▶ [What you have to do] Whatever appears in the records apart from pictures must be reproduced exactly.

▶ [Records supplied]
Start of Block

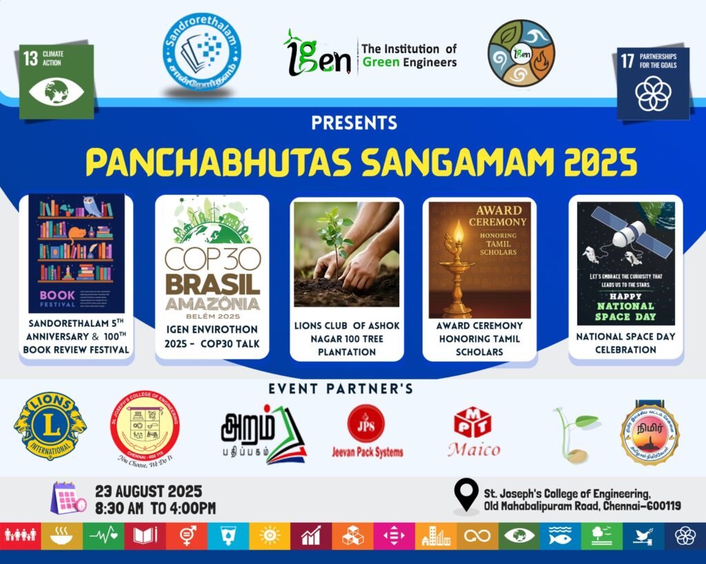 The Institution of Green Engineers & SANDORETHALAM cordially invites you to Panchabhutas Sangamam 2025 on 23rd August 2025, from 8:30 AM to 4:00 PM at St. Joseph’s College of Engineering, Old Mahabalipuram Road, Chennai.
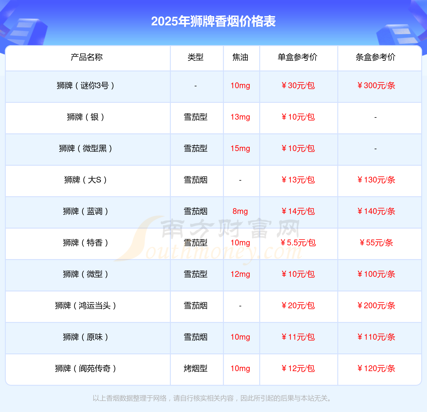 以上香烟价格相关数据由择烟网整理提供,仅供参考。
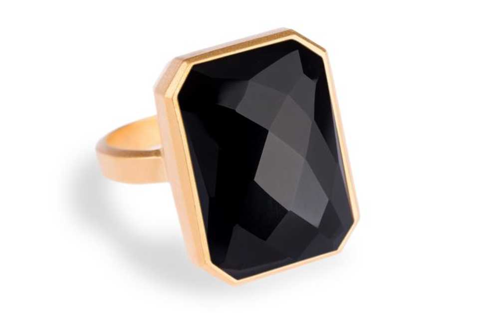 Six precious and semi-precious gemstones make up the collection with names from romance novels: Daydream (rainbow moonstone), Wine Bar (pink sapphire), Stargaze (black onyx), Into the Woods (emerald), Out to Sea (lapis) and Dive Bar (quartz threaded with tourmaline). You can even order the device by ring size. I went with Daydream — frankly because it was the only one available when I pre-ordered the device.
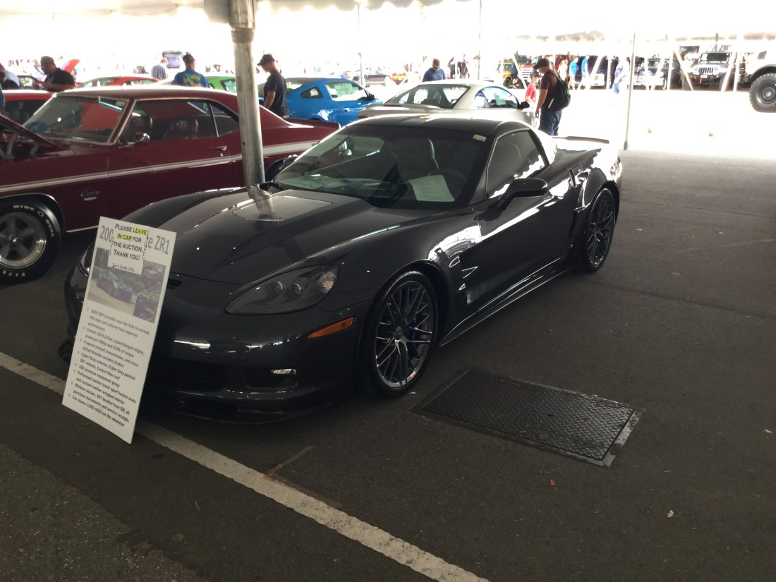 This is a 2009 Corvette ZR1 that was at the 2019 Barrett-Jackson Auction in Palm Beach. It’s from the C6 series, which was made between June of 2004 and February of 2013 (model years between 2005 and 2013). The ZR1 was unveiled at the 2008 North American International Auto Show. The engine is the LS9, which is a 6.2 liter supercharged V8 that produces 638 horsepower and 604 pound-feet of torque. The transmission is a 6-speed manual. This car does 0-60 mph in 3.4 seconds and has a top speed of 205 mph. This car weighs 3,380 pounds since the body panels are composite, the chassis is a hydroformed steel frame, and the front fenders, roof, and hood are carbon fiber. This Corvette was auctioned off for $77,000.
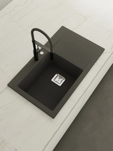 Fregadero sobre encimera, fabricado en Helka, es un material sintético, con propiedades antirrayado, antinflamable,resistente agentes quimicos y antibacteriano.
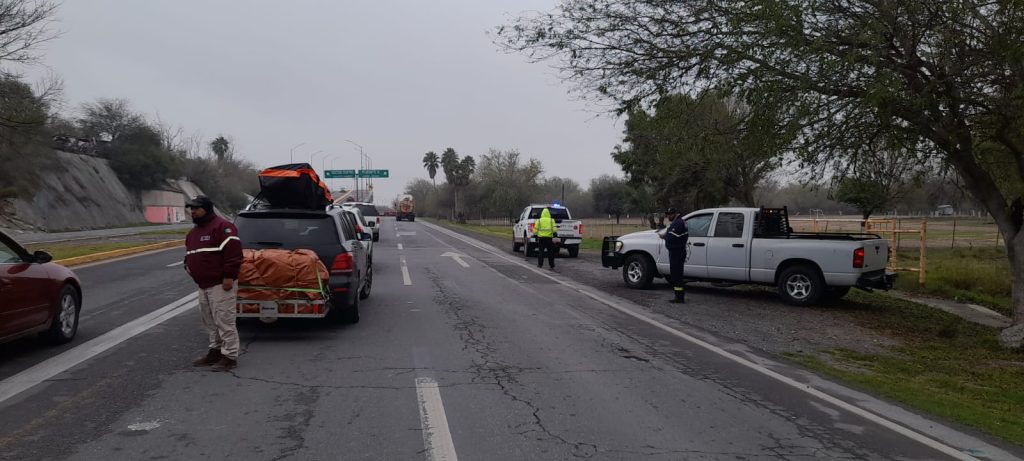 Personal de Tránsito, Guardia Municipal y Dirección de Protección Civil y Bomberos, trabajan coordinadamente apoyar a nuestros héroes paisanos y a los ciudadanos locales para una mejor vialidad; en estos momentos, reportan que la fila para ingresar al Puente Internacional II “Juárez-Lincoln” se encuentra hasta la altura de la calle Madero.
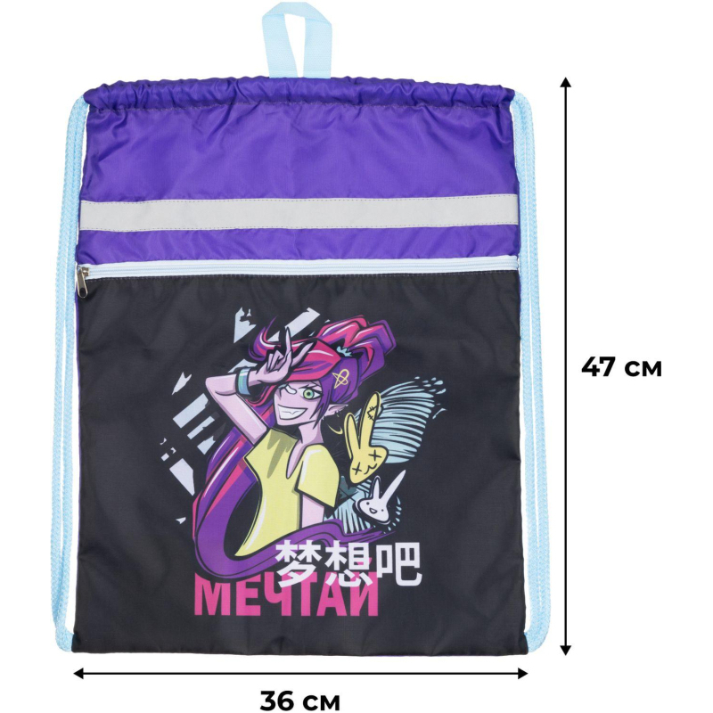 Мешок для сменной обуви Комус Класс Мечтай - эргономичная сумка для хранения и переноса обувных изделий. Мешок размером 360х470 мм сделан из материала оксфорд и имеет два просторных отделения. Его дизайн выполнен в черном и сиреневом цветах с надписью ?мечтай?. Дизайн сумки предусматривает элементы светоотражения. Мешок подойдет для девочек школьного возраста. В нем удобно и практично переносить сменную обувь в учебные заведения или спортивные секции. Сумка надевается на спину с помощью двух наплечных лямок, комфортно ощущается и не занимает много пространства.
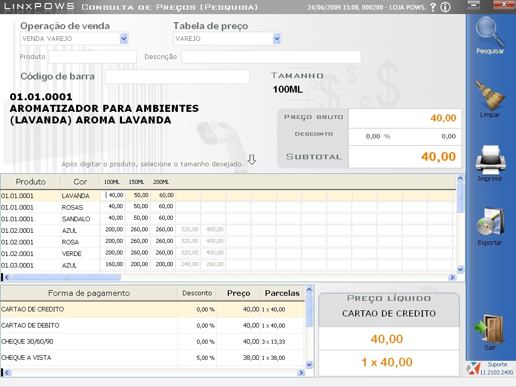 A consulta de preços apresenta a grade completa dos produtos (cor e tamanho) e as formas de pagamento disponíveis para os produtos, preço bruto, descontos e preço líquido.
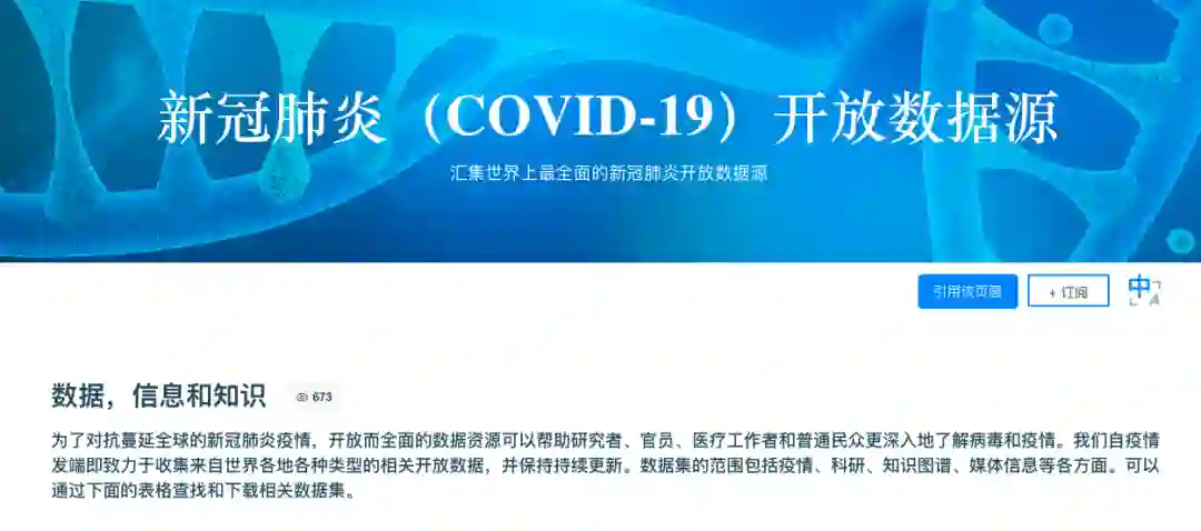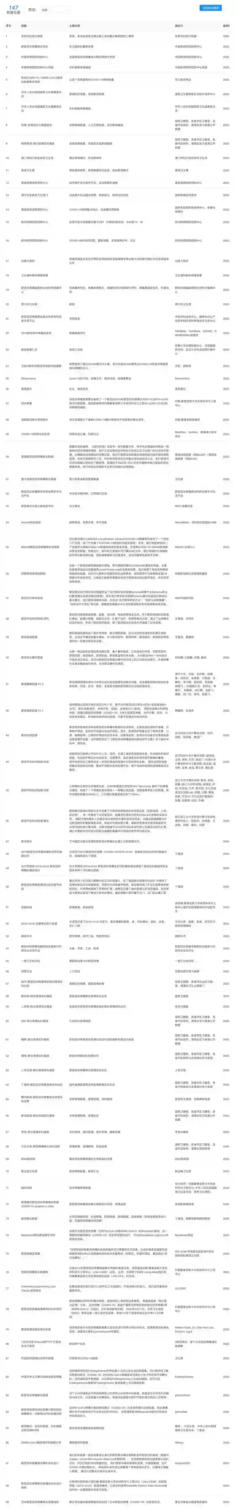 为了对抗蔓延全球的新冠肺炎疫情,开放而全面的数据资源可以帮助研究者、政策制定者、医疗工作者和普通民众更深入地了解病毒和疫情。

End of Block

▶ [Response to this task]
 The Institution of Green Engineers & SANDORETHALAM cordially invites you to Panchabhutas Sangamam 2025 on 23rd August 2025, from 8:30 AM to 4:00 PM at St. Joseph’s College of Engineering, Old Mahabalipuram Road, Chennai.
 以上香烟价格相关数据由择烟网整理提供,仅供参考。
 Six precious and semi-precious gemstones make up the collection with names from romance novels: Daydream (rainbow moonstone), Wine Bar (pink sapphire), Stargaze (black onyx), Into the Woods (emerald), Out to Sea (lapis) and Dive Bar (quartz threaded with tourmaline). You can even order the device by ring size. I went with Daydream — frankly because it was the only one available when I pre-ordered the device.
 This is a 2009 Corvette ZR1 that was at the 2019 Barrett-Jackson Auction in Palm Beach. It’s from the C6 series, which was made between June of 2004 and February of 2013 (model years between 2005 and 2013). The ZR1 was unveiled at the 2008 North American International Auto Show. The engine is the LS9, which is a 6.2 liter supercharged V8 that produces 638 horsepower and 604 pound-feet of torque. The transmission is a 6-speed manual. This car does 0-60 mph in 3.4 seconds and has a top speed of 205 mph. This car weighs 3,380 pounds since the body panels are composite, the chassis is a hydroformed steel frame, and the front fenders, roof, and hood are carbon fiber. This Corvette was auctioned off for $77,000.
 Fregadero sobre encimera, fabricado en Helka, es un material sintético, con propiedades antirrayado, antinflamable,resistente agentes quimicos y antibacteriano.
 Personal de Tránsito, Guardia Municipal y Dirección de Protección Civil y Bomberos, trabajan coordinadamente apoyar a nuestros héroes paisanos y a los ciudadanos locales para una mejor vialidad; en estos momentos, reportan que la fila para ingresar al Puente Internacional II “Juárez-Lincoln” se encuentra hasta la altura de la calle Madero.
 Мешок для сменной обуви Комус Класс Мечтай - эргономичная сумка для хранения и переноса обувных изделий. Мешок размером 360х470 мм сделан из материала оксфорд и имеет два просторных отделения. Его дизайн выполнен в черном и сиреневом цветах с надписью ?мечтай?. Дизайн сумки предусматривает элементы светоотражения. Мешок подойдет для девочек школьного возраста. В нем удобно и практично переносить сменную обувь в учебные заведения или спортивные секции. Сумка надевается на спину с помощью двух наплечных лямок, комфортно ощущается и не занимает много пространства.
 A consulta de preços apresenta a grade completa dos produtos (cor e tamanho) e as formas de pagamento disponíveis para os produtos, preço bruto, descontos e preço líquido.
 为了对抗蔓延全球的新冠肺炎疫情,开放而全面的数据资源可以帮助研究者、政策制定者、医疗工作者和普通民众更深入地了解病毒和疫情。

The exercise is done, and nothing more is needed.